In most galaxies, the mass of stars outweighs the mass of the black hole by a 1,000 to one ratio. “The very nature of galaxies and the number of stars they contain is intimately linked to black holes,” Scharf told the audience. By spewing out energy, black holes are acting as galactic regulators, “keeping things in balance.”

Using a striking image of a galaxy known as Perseus A, Scharf illustrated what energy does once it is sent back into space. Perseus A, like many other galaxies, has a black hole at its center. The galaxy appeared on the projector screen behind Scharf as a grainy shot of what looked like a swirl of green dust splotched with dark patches.
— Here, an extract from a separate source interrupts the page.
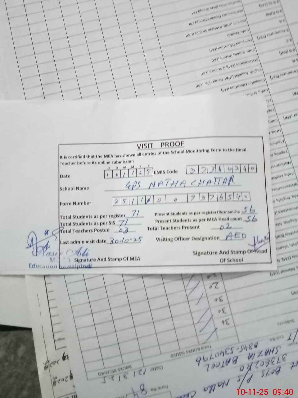 | EMIS Code: 37360240 | Name of School: GPS NATHA CHATTAR | |||

These dark patches represent “cavities produced by stuff squirted from the black hole,” said Scharf, comparing the process to blowing bubbles through a straw.

The bubbles represented by Perseus A’s cavities indicate trillions of trillions of watts of energy pushed out by its black hole, he explained.

By sending ripples through the extremely hot gas that surrounds Perseus A, gas that would otherwise cool down and build stars, the black hole is regulating how many stars the galaxy can make and how large they can become.

“The ripples transfer energy into the surrounding gas and help slow its ability to cool down,” Scharf said in an email afterwards. The estimated amount of energy in these ripples “is just right to explain the actual number of stars we see forming at any given time, which is much smaller than it would be otherwise.”

Tod Lauer, an astronomer at the National Optical Astronomy Observatory in Tucson, Arizona, agreed that without accounting for feedback from black holes, “we don’t get galaxies like what we see today.”

The regulatory role that black holes play may have broad implications for life in the universe, according to Scharf. If black holes influence the formation of stars in galaxies, they indirectly influence us. Stars, Scharf explained, produce elements that in turn produce planets, chemistry, and “at least in one place, life.”

In this one place, our solar system, we have a sun that is larger than 75 percent of other stars in the Milky Way galaxy. Its size means that it produces more ultraviolet light, which can split molecules and encourage what Scharf called “complex chemistry,” influencing the composition of planets that can form. Life and the geochemical nature of our planet have always been linked, he added.

Black holes, Scharf said at the close of his lecture, influence the proportions of large and small stars, and the life they can produce.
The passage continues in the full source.